Although it did not name the registrar explicitly, according to WHOIS searches, New York-based Register.com manages the domains that were redirected, as well as the primary icann.org and iana.org domains.
Two weeks ago, Turkish hackers rerouted traffic to some of the domains used by ICANN (Internet Corporation for Assigned Names and Numbers) and one of its subsidiary organisations, IANA (Internet Assigned Numbers Authority).
Visitors who intended to reach iana.com, iana-servers.com, icann.com and icann.net on June 26 were instead shunted to an illegitimate destination, which displayed a taunting message: "You think that you control the domains but you don't! Everybody knows wrong. We control the domains including ICANN! Don't you believe us?"

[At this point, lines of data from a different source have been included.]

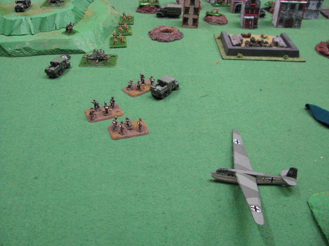 The para drop and glider landing seemed to go reasonably well, though not perfect. It was noted that one glider crashed and was a total loss. Otherwise the weapon canisters and sticks of Falschirmjagers landed on target and the table was soon swarming with Germans. The massive bomb craters were treated as permanent "bullet-proof" cover. Moving out of them did not remove them from play. The buildings were also supposed to be ruins, but they weren't done in time despite a group effort.
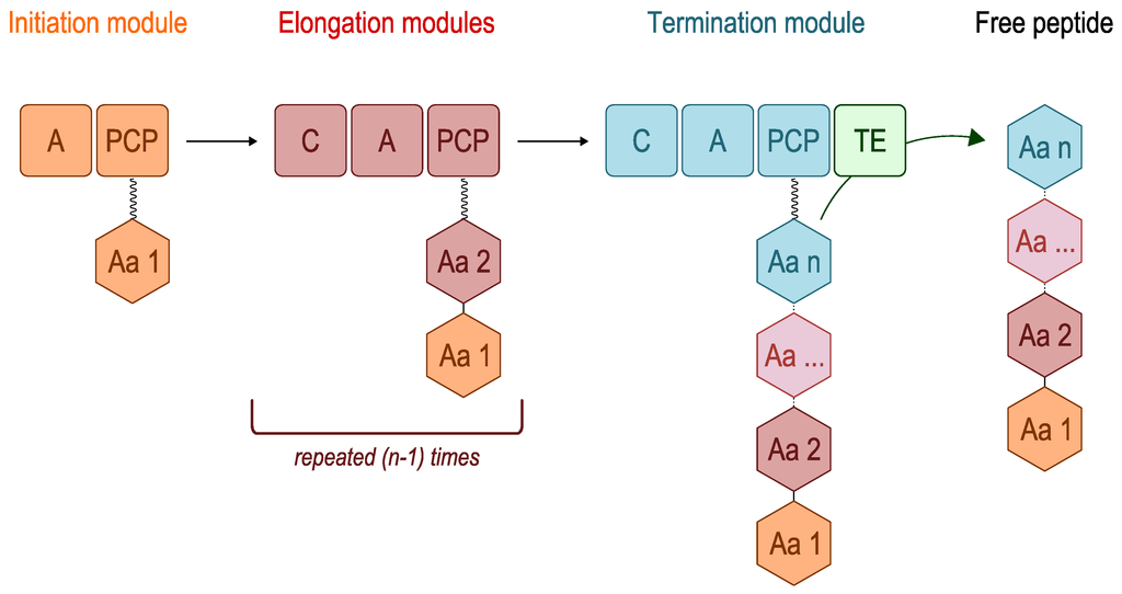 NRPSs are multimodular enzymes. Each module is divided into domains. Three domains are required for synthesis of the peptide backbone: The adenylation (A) domain, the peptidyl carrier protein (PCP) and the condensation (C) domains [17]. NRPSs have already been presented and discussed in other reviews [13,17,18,19,20].
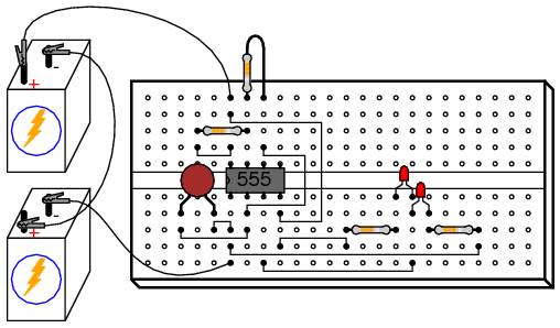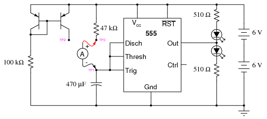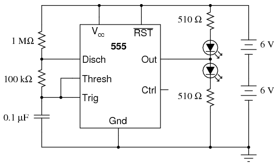 The "555" integrated circuit is a general-purpose timer useful for a variety of functions. In this experiment, we explore its use as an astable multivibrator, or oscillator. Connected to a capacitor and two resistors as shown, it will oscillate freely, driving the LEDs on and off with a square-wave output voltage.

Through its IANA subsidiary organisation, ICANN manages the DNS root zone and assigns the DNS operators for the internet's top-level domains, such as .com and .org. DNS, which translates the domains and URLs — such as computerworld.com — into IP addresses, is a critical component of the Web's traffic-guiding infrastructure. ICANN, meanwhile, manages the assignment of domain names and IP addresses.

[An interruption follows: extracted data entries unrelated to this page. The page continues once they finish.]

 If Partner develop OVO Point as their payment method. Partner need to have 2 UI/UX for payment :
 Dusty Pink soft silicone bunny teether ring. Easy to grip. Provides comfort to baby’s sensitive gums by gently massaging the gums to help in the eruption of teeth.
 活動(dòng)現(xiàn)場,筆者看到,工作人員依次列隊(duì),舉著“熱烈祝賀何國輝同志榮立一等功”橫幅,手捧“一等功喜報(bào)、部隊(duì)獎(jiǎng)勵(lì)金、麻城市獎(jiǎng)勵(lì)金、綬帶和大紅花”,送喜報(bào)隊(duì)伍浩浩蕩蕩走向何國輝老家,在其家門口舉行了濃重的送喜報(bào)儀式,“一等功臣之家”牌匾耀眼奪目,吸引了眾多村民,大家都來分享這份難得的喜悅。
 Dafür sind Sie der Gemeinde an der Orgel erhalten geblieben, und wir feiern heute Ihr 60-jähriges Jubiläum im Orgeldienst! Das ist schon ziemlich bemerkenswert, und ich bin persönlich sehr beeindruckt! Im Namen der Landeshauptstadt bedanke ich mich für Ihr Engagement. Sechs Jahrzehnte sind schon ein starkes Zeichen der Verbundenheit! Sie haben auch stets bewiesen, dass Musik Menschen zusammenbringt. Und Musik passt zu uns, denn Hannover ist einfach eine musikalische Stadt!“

Although an ICANN spokesman provided a terse explanation shortly after the attack, only last week did the organisation provide more information. In a statement posted to its website on Thursday, ICANN said the attack had been launched against the internet registrar responsible for the victimised domains, not against the organisation itself.
"The DNS redirect was a result of an attack on ICANN's registrar's systems," said ICANN. "A full, confidential, security report from that registrar has since been provided to ICANN with respect to this attack."
According to ICANN, the attack was two-pronged. "It would appear the attack was sophisticated, combining both social and technological techniques, but was also limited and focused," said the organisation. "The redirect was noticed and corrected within 20 minutes; however it may have taken anywhere up to 48 hours for the redirect to be entirely removed from the internet."
While ICANN said it is "confident" that new measures will prevent a repeat embarrassment, it also acknowledged that it has launched an internal review of its security procedures.
Register.com did not immediately reply to a request for comment.